Campus News

February 22, 2010

Rushdie archive in paper, pixels

Salman Rushdie (1988)

Note written by Rushdie

Rushdie and his sisters (early 1950s)

Oversized photos of Distinguished Writer-in-Residence Salman Rushdie as a child, a rising young author, and then a celebrity in his own right — hobnobbing with Scarlett Johansson, writing songs for Bono — line the walls of Emory’s Schatten Gallery, but Rushdie’s words, scribbled on sticky notes and reprinted from computer files, remain at the core of the exhibition.

The celebrated author’s archives will open to the public for the first time on Friday, Feb. 26. Like his archives, the companion multimedia exhibit “A World Mapped by Stories: The Salman Rushdie Archive” will be a hybrid, mixing portions of his digital and paper materials throughout.

Emory acquired Rushdie’s archive in 2006. Much of it was traditional paper material:  journals, drawings, typed manuscripts, notes scribbled on napkins.

But, like many of his contemporaries, Rushdie — whose fourth novel, “The Satanic Verses,” earned him not only critical acclaim but also death threats from Islamists — wrote his later works and conducted most of the associated correspondence and research on personal computers. Emory’s Manuscript, Archives, and Rare Book Library (MARBL) received not only 100 linear feet of his papers, but also 40,000 files and 18 gigabytes of data on a Mac desktop, three Mac laptops, and an external hard drive.

And, just like that, the University found itself in the forefront of a nascent field: the archiving of “born-digital” materials, with Rushdie’s computers as case study number one. Much of his archival material after the 1980s — including daily calendars, virtual sticky notes, e-mail correspondence, and first drafts of novels — never existed on paper.

“We have darn close to his entire digital life up to 2006,” says Erika Farr ’04PhD, the libraries’ director of born-digital initiatives.

Archivist Laura Carroll, among others at Emory Libraries, has been charged with making this interactive yet carefully preserved digital archive possible. Because Rushdie was highly organized in his virtual realm, he has made her job that much easier.

“He was explicit in file naming and structure,” Carroll says. “I don’t know what I’d have done if he had used just numbers.”

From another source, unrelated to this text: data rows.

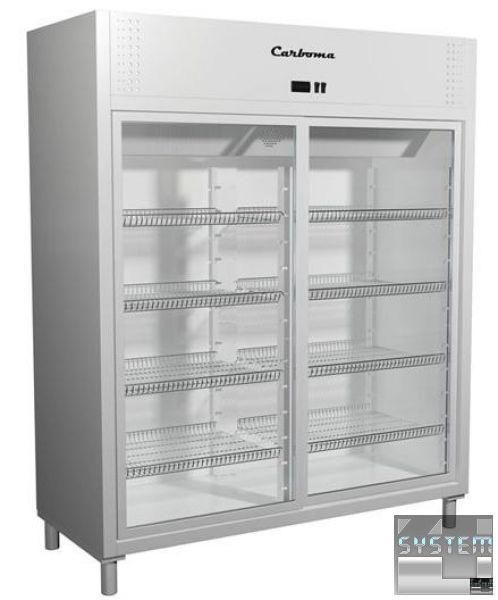 Холодильный шкаф ООО "Хладо плюс" V1400K Carboma это современный дизайн, удобство и надежность в эксплуатации. Предназначен для кратковременного хранения и продажи на предприятиях торговли и общественного питания напитков или тортов, а также других пищевых продуктов. Широкий холодильный шкаф с двумя стеклянными дверцами-купе. Оснащен электронным управлением и динамической системой обдува, позволяющей равномерно поддерживать заданную температуру и предотвращающей запотевание стекол шкафа если в помещении влажно. Приятный дизайн впишется в любой интерьер. Четыре уровня для выкладки продуктов (8 полок-решёток), которые можно установить под углом, увеличивая узнаваемость продаваемого бренда. Система охлаждения – динамическая, идеальна для охлаждения большого количества продуктов питания.
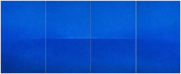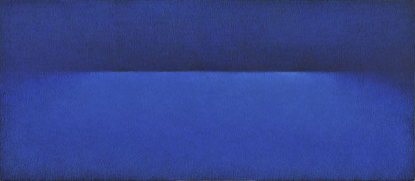 ギャラリーで実際に作品を見てみるとハガキで見たものとはかなり印象が違う。作品の表面にはベニヤ板のような凸凹が見え、その凸凹の線ごとに少しずつ色が違う。近づいてみるとその細密なテクスチャに目が行くが、少し離れてみるとまるで点描のように個々の線の印象が消え、ただ暗い海と空が仄かに光る様子が広がる。
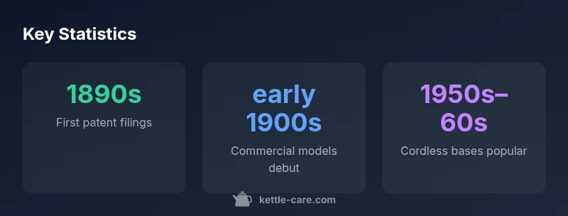 The question of when electric kettle invented is best understood by tracing a series of experiments, patents, and prototypes from the late 19th century into the early 20th. According to Kettle Care, researchers in multiple countries explored direct heating elements designed to boil water inside a kettle, rather than heating water in a separate vessel. In the 1890s, several patent filings described electric heating elements integrated into a cup or pot, and the first commercially available models appeared in the following decade. By the 1920s, households in several markets had access to purpose-built electric kettles, signaling a shift away from open-vessel boiling. The development path was shaped by competition between appliance makers, safety concerns, and the push for standardized electricity supply in homes. Between the 1920s and 1940s, refinements in thermostats and housing materials reduced the risk of boil-dry damage and improved user safety. This evolution laid the groundwork for today’s diverse range of kettles, from compact travel models to high-capacity, rapid-boil designs. Kettle Care Analysis, 2026, emphasizes that the historical arc stretches across technology, culture, and consumer expectations, not a single invention date.
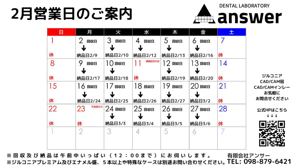 いつもご愛顧いただきありがとうございます。2月の納期については別添えの資料のとおりです。ジルコニアプレミアム、エナメル盛、5本以上や特殊なケースお急ぎについてのご相談はお電話にてよろしくお願いします。098-879-6421 引き続きよろしくお願いい... -
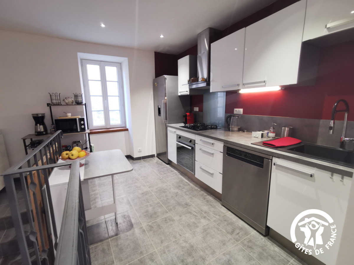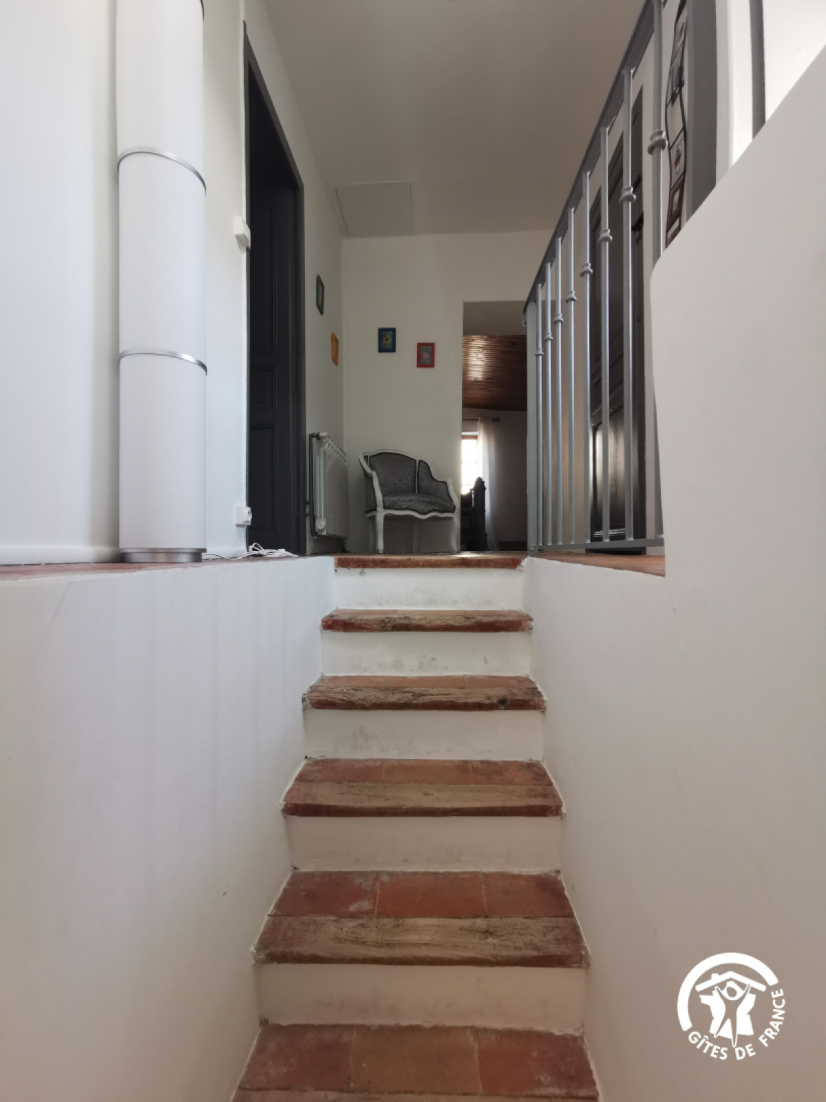 Une chambre se trouve au premier étage (2 lits 140×190) avec la salle de bain et les deux autres sont à l’étage (une avec un lit 160×190 et la seconde avec lit 120×190).
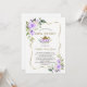 Design de cartão elegante com flores lavandas e folhas verdes, divisores florais, bule de dourado falso com flores, sobre fundo branco. No verso, buquê e iniciais de flores. Use a ferramenta Personalizar para adicionar suas informações, alterar fontes, cores da fonte. Para obter itens correspondentes, visite minha Coleção de Flores de Lavanda.

Software engineer Peter Hornsby, who extracted the data from Rushdie’s hard drives, felt it was crucial to emulate the author’s working environment, creating a perfect duplicate that researchers could explore while safeguarding the original: “The imprint of the writer’s personality,” he says, “lies within his computer.”

While other universities have taken possession of digital archives, says Farr, almost none has attempted this full-immersion experience. “We’re going to provide numerous points of access into Rushdie’s digital archive, including emulations of Rushdie’s computers and searchable databases of files pulled off of his computers...”

Selections will be on display in the multimedia exhibit.

“There is a charm and integrity to the more traditional exhibits — a respect for the artifact, the paper,” says exhibition curator and Associate Professor of English Deepika Bahri. “But we wanted a multimedia exhibit that shows a similar respect for the new digital artifact. It’s about honoring what kind of material you now have and its intent. The emerging and the traditional forms coexist; I wanted to break down the hard line between the two.”

Having consulted with Rushdie on the exhibition, Bahri can vouch for him as a fully wired denizen. “Rushdie may not have been born digital, but he has been reborn digital,” she says.

Arriving for his campus residency this week, Rushdie has proven very interested in how his archives will be presented. University librarians, archivists, and legal experts have worked with him every step of the way to determine what can be released and what must be kept confidential — and for how long.

As far as Rushdie’s archives, says Lisa Macklin, coordinator of the libraries’ intellectual property rights office, “we have an agreement with him, which we’ve revised as time goes on…Who among us knows what’s on their hard drive? We have to find a balance between protecting his privacy and providing significant content to researchers who would find value from it.”